### Dataset extract
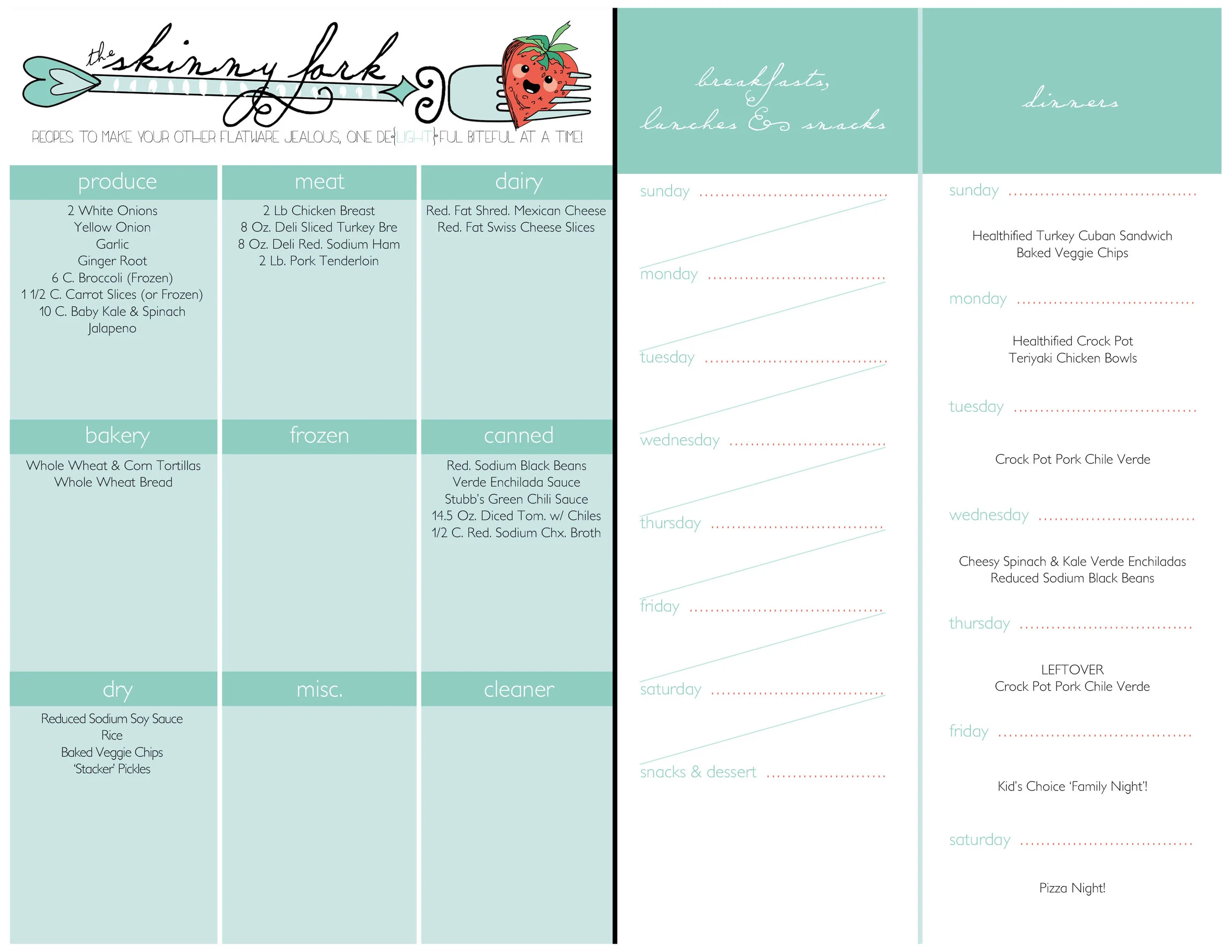 I've also created the shopping list with the notion that you have basic spices and pantry/kitchen staples on hand. So, you'll want to double check the recipes and the shopping list to be sure that you have everything you need.
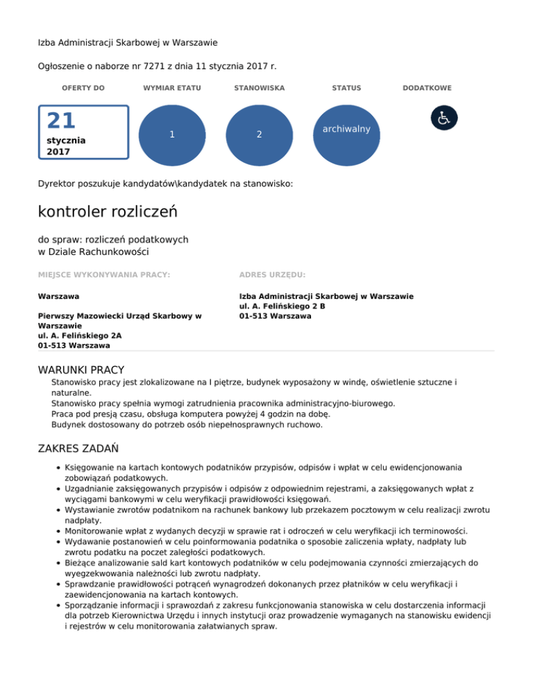 Izba Administracji Skarbowej w Warszawie Ogłoszenie o naborze nr 7271 z dnia 11 stycznia 2017 r. OFERTY DO 21 stycznia 2017 WYMIAR ETATU STANOWISKA 1 2 STATUS DODATKOWE archiwalny Dyrektor poszukuje kandydatów\kandydatek na stanowisko: kontroler rozliczeń do spraw: rozliczeń podatkowych w Dziale Rachunkowości MIEJSCE WYKONYWANIA PRACY: ADRES URZĘDU: Warszawa Izba Administracji Skarbowej w Warszawie ul. A. Felińskiego 2 B 01-513 Warszawa Pierwszy Mazowiecki Urząd Skarbowy w Warszawie ul. A. Felińskiego 2A 01-513 Warszawa WARUNKI PRACY Stanowisko pracy jest zlokalizowane na I piętrze, budynek wyposażony w windę, oświetlenie sztuczne i naturalne. Stanowisko pracy spełnia wymogi zatrudnienia pracownika administracyjno-biurowego. Praca pod presją czasu, obsługa komputera powyżej 4 godzin na dobę. Budynek dostosowany do potrzeb osób niepełnosprawnych ruchowo. ZAKRES ZADAŃ Księgowanie na kartach kontowych podatników przypisów, odpisów i wpłat w celu ewidencjonowania zobowiązań podatkowych. Uzgadnianie zaksięgowanych przypisów i odpisów z odpowiednim rejestrami, a zaksięgowanych wpłat z wyciągami bankowymi w celu weryfikacji prawidłowości księgowań. Wystawianie zwrotów podatnikom na rachunek bankowy lub przekazem pocztowym w celu realizacji zwrotu nadpłaty. Monitorowanie wpłat z wydanych decyzji w sprawie rat i odroczeń w celu weryfikacji ich terminowości. Wydawanie postanowień w celu poinformowania podatnika o sposobie zaliczenia wpłaty, nadpłaty lub zwrotu podatku na poczet zaległości podatkowych. Bieżące analizowanie sald kart kontowych podatników w celu podejmowania czynności zmierzających do wyegzekwowania należności lub zwrotu nadpłaty. Sprawdzanie prawidłowości potrąceń wynagrodzeń dokonanych przez płatników w celu weryfikacji i zaewidencjonowania na kartach kontowych. Sporządzanie informacji i sprawozdań z zakresu funkcjonowania stanowiska w celu dostarczenia informacji dla potrzeb Kierownictwa Urzędu i innych instytucji oraz prowadzenie wymaganych na stanowisku ewidencji i rejestrów w celu monitorowania załatwianych spraw. WYMAGANIA NIEZBĘDNE Wykształcenie: średnie doświadczenie zawodowe: 1 rok w administracji publicznej lub pracy biurowej Komunikatywność, umiejętność analitycznego myślenia Bardzo dobra znajomość obsługi komputera ( edytor tekstu, arkusz kalkulacyjny) Dobra znajomość przepisów prawa podatkowego, procesowego i materialnego oraz ustawy o służbie cywilnej Posiadanie obywatelstwa polskiego Korzystanie z pełni praw publicznych Nieskazanie prawomocnym wyrokiem za umyślne przestępstwo lub umyślne przestępstwo skarbowe WYMAGANIA DODATKOWE Wykształcenie: wyższe ekonomiczne, prawnicze, administracyjne Znajomość systemów informatycznych Poltax, Poltax 2B, BA, SSP DOKUMENTY I OŚWIADCZENIA NIEZBĘDNE Życiorys/CV i list motywacyjny Kopie dokumentów potwierdzających spełnienie wymagania niezbędnego w zakresie wykształcenia Kopie dokumentów potwierdzających spełnienie wymagania niezbędnego w zakresie doświadczenia zawodowego / stażu pracy Oświadczenie o posiadaniu obywatelstwa polskiego albo kopia dokumentu potwierdzającego posiadanie polskiego obywatelstwa Oświadczenie o wyrażeniu zgody na przetwarzanie danych osobowych do celów naboru Oświadczenie o korzystaniu z pełni praw publicznych Oświadczenie o nieskazaniu prawomocnym wyrokiem za umyślne przestępstwo lub umyślne przestępstwo skarbowe DOKUMENTY I OŚWIADCZENIA DODATKOWE kopia dokumentu potwierdzającego niepełnosprawność - w przypadku kandydatek/kandydatów, zamierzających skorzystać z pierwszeństwa w zatrudnieniu w przypadku, gdy znajdą się w gronie najlepszych kandydatek/kandydatów Kopie dokumentów potwierdzających spełnienie wymagania dodatkowego w zakresie wykształcenia TERMINY I MIEJSCE SKŁADANIA DOKUMENTÓW Dokumenty należy złożyć do: 21 stycznia 2017 r. Decyduje data: stempla pocztowego / osobistego dostarczenia oferty do urzędu Miejsce składania dokumentów: Izba Administracji Skarbowej w Warszawie ul. A.Felińskiego 2B 01-513 Warszawa z dopiskiem: I MUS ogłoszenie nr 7271 INNE INFORMACJE: W miesiącu poprzedzającym datę upublicznienia ogłoszenia wskaźnik zatrudnienia osób niepełnosprawnych w urzędzie, w rozumieniu przepisów o rehabilitacji zawodowej i społecznej oraz zatrudnianiu osób niepełnosprawnych, nie wynosi co najmniej 6%. Nasz urząd jest pracodawcą równych szans i wszystkie aplikacje są rozważane z równą uwagą bez względu na płeć, wiek, niepełnosprawność, rasę, narodowość, przekonania polityczne, przynależność związkową, pochodzenie etniczne, wyznanie, orientację seksualną czy też jakąkolwiek inną cechę prawnie chronioną. Zachęcamy osoby niepełnosprawne do składania ofert. Prosimy o zaznaczanie na przesyłanych dokumentach numeru ogłoszenia na jakie składana jest oferta. Ze złożonych dokumentów musi jednoznacznie wynikać długość doświadczenia zawodowego. Oferty niekompletne oraz nadane po terminie nie będą rozpatrywane /decyduje data stempla pocztowego/. ŻYCIORYS/CV, LIST MOTYWACYJNY POWINNY ZAWIERAĆ ORYGINALNY PODPIS KANDYDATA. WSZYSTKIE SKŁADANE OŚWIADCZENIA POWINNY BYĆ OPATRZONE BIEŻĄCĄ DATĄ ORAZ ZAWIERAĆ ORYGINALNY PODPIS KANDYDATA. W przypadku przedstawienia dokumentów w języku obcym należy dołączyć również ich tłumaczenie na język polski dokonane przez tłumacza przysięgłego. Oferty odrzucone zostaną komisyjnie zniszczone. Prosimy o skorzystanie ze wzorów oświadczeń obowiązujących przy naborach do pracy w Izbie Administracji Skarbowej, które są dostępne na stronie BIP pod adresem: http://www.warszawa.apodatkowa.gov.pl/izba-skarbowa-w-warszawie/ogloszenia/nabor/wzory-oswiadczen Dodatkowe informacje można uzyskać pod telefonem: 22 56 89 244, 22 56 89 323. Legenda Pierwszeństwo dla osób z niepełnosprawnościami Ogłoszenie z tym symbolem oznacza, że pierwszeństwo w zatrudnieniu 
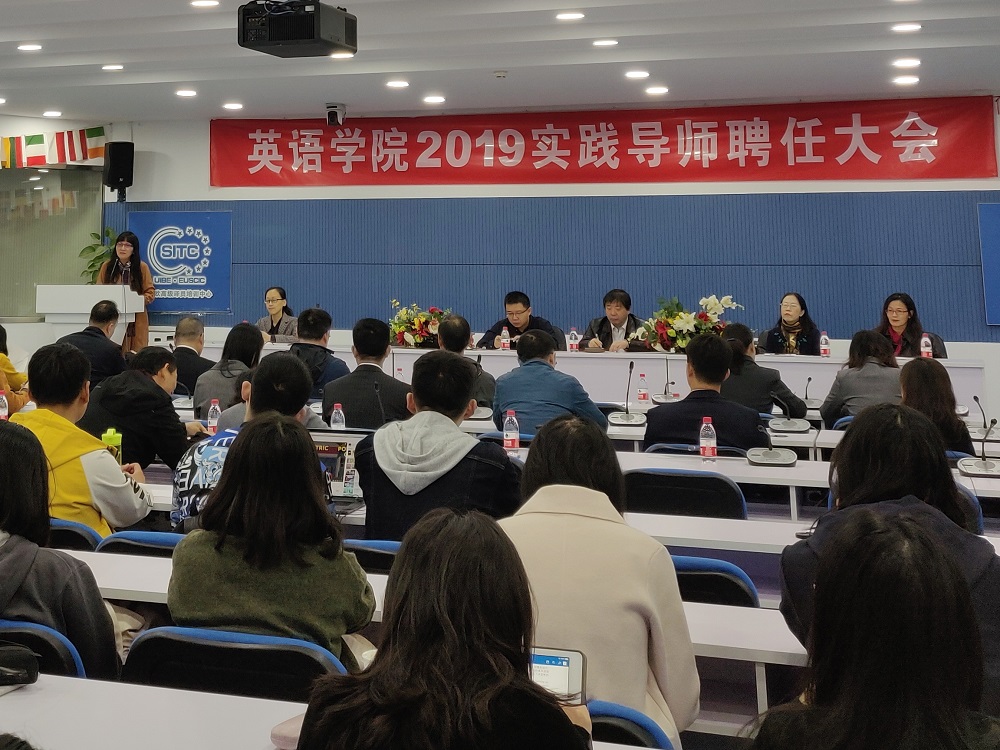 10月27日上午,水果派解说 2019实践导师聘任大会在诚信楼1412举行。水果派解说 向明友院长、江春副院长、金冰副院长、刘冰副书记、徐珺院长助理,23位实践导师代表和110名2019级MTI研究生参加了此次活动。会议由金冰副院长主持。
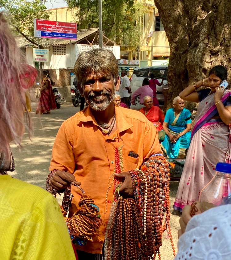 Acabábamos de visitar un lugar extraordinario, el Templo Brihadishwara. Yo estaba impresionada con las dimensiones y la belleza del lugar y con las historias que nos habían contado. Sobre todo estaba feliz por la oportunidad de compartir el espacio con tantos hindúes, en un lugar muy especial e importante para ellos y en lo que, para ventaja de nosotros como visitantes, también era una fecha importante.
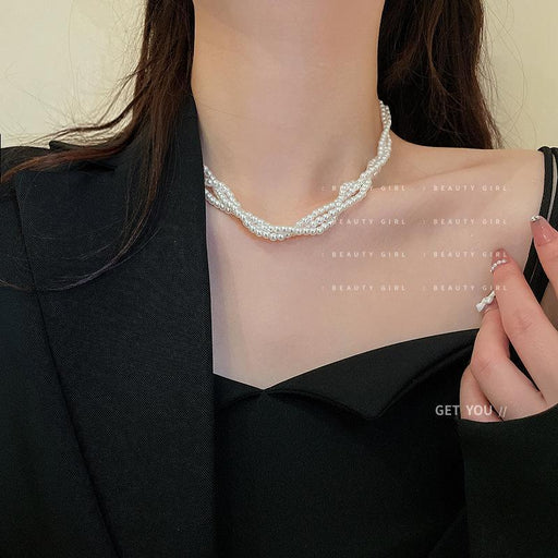 Multilayer Twisted Necklace Pearl Clavicle Chain
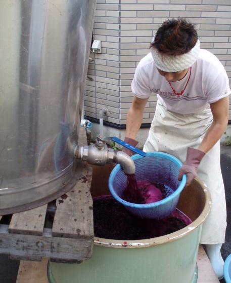 今日も朝から慌しく、醪の櫂入れや、『赤湯ヌーヴォー(白)』の瓶詰めや、赤ワイン用のタンクの2本の引き抜き(醪から発酵液だけを抜く作業)をしたりしてました。画像は、少量の仕込みだげんと、舟形町の山葡萄ワインの引き抜き作業です。同町の山葡萄でワインを造るのは今年で2回目です。昨年より糖度が有り、酸味も穏やかな感じです。山葡萄独特の、紫がかった若々しい色がなんともきれい。

### Exercise prompt
What is needed is an exact transcription of the lines from the one holding "Acabábamos de visitar" to the end of the data, with every picture left out.

### Finished task
 Acabábamos de visitar un lugar extraordinario, el Templo Brihadishwara. Yo estaba impresionada con las dimensiones y la belleza del lugar y con las historias que nos habían contado. Sobre todo estaba feliz por la oportunidad de compartir el espacio con tantos hindúes, en un lugar muy especial e importante para ellos y en lo que, para ventaja de nosotros como visitantes, también era una fecha importante.
 Multilayer Twisted Necklace Pearl Clavicle Chain
 今日も朝から慌しく、醪の櫂入れや、『赤湯ヌーヴォー(白)』の瓶詰めや、赤ワイン用のタンクの2本の引き抜き(醪から発酵液だけを抜く作業)をしたりしてました。画像は、少量の仕込みだげんと、舟形町の山葡萄ワインの引き抜き作業です。同町の山葡萄でワインを造るのは今年で2回目です。昨年より糖度が有り、酸味も穏やかな感じです。山葡萄独特の、紫がかった若々しい色がなんともきれい。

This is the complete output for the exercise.